▶ **What you should do**
In the listing beneath this line, copy exactly the lines starting with the one containing "Sitting alert and" and going on through the one containing "A 50ml bottle".

▶ **Data provided**
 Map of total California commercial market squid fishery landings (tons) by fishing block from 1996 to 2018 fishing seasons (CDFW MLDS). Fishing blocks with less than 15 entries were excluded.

...

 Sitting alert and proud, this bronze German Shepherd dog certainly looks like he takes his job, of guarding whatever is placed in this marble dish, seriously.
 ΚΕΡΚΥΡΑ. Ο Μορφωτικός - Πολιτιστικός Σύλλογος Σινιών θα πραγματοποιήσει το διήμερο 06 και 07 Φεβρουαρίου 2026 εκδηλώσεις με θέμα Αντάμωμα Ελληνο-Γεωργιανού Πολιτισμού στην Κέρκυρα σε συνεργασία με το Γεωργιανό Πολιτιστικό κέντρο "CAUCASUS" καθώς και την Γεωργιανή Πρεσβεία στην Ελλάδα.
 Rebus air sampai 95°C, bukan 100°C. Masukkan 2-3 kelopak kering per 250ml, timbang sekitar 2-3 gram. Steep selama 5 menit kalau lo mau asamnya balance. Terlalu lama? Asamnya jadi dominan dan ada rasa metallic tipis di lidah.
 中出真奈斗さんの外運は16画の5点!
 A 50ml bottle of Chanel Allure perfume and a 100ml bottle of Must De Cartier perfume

▶ **Answer to this exercise**
 Sitting alert and proud, this bronze German Shepherd dog certainly looks like he takes his job, of guarding whatever is placed in this marble dish, seriously.
 ΚΕΡΚΥΡΑ. Ο Μορφωτικός - Πολιτιστικός Σύλλογος Σινιών θα πραγματοποιήσει το διήμερο 06 και 07 Φεβρουαρίου 2026 εκδηλώσεις με θέμα Αντάμωμα Ελληνο-Γεωργιανού Πολιτισμού στην Κέρκυρα σε συνεργασία με το Γεωργιανό Πολιτιστικό κέντρο "CAUCASUS" καθώς και την Γεωργιανή Πρεσβεία στην Ελλάδα.
 Rebus air sampai 95°C, bukan 100°C. Masukkan 2-3 kelopak kering per 250ml, timbang sekitar 2-3 gram. Steep selama 5 menit kalau lo mau asamnya balance. Terlalu lama? Asamnya jadi dominan dan ada rasa metallic tipis di lidah.
 中出真奈斗さんの外運は16画の5点!
 A 50ml bottle of Chanel Allure perfume and a 100ml bottle of Must De Cartier perfume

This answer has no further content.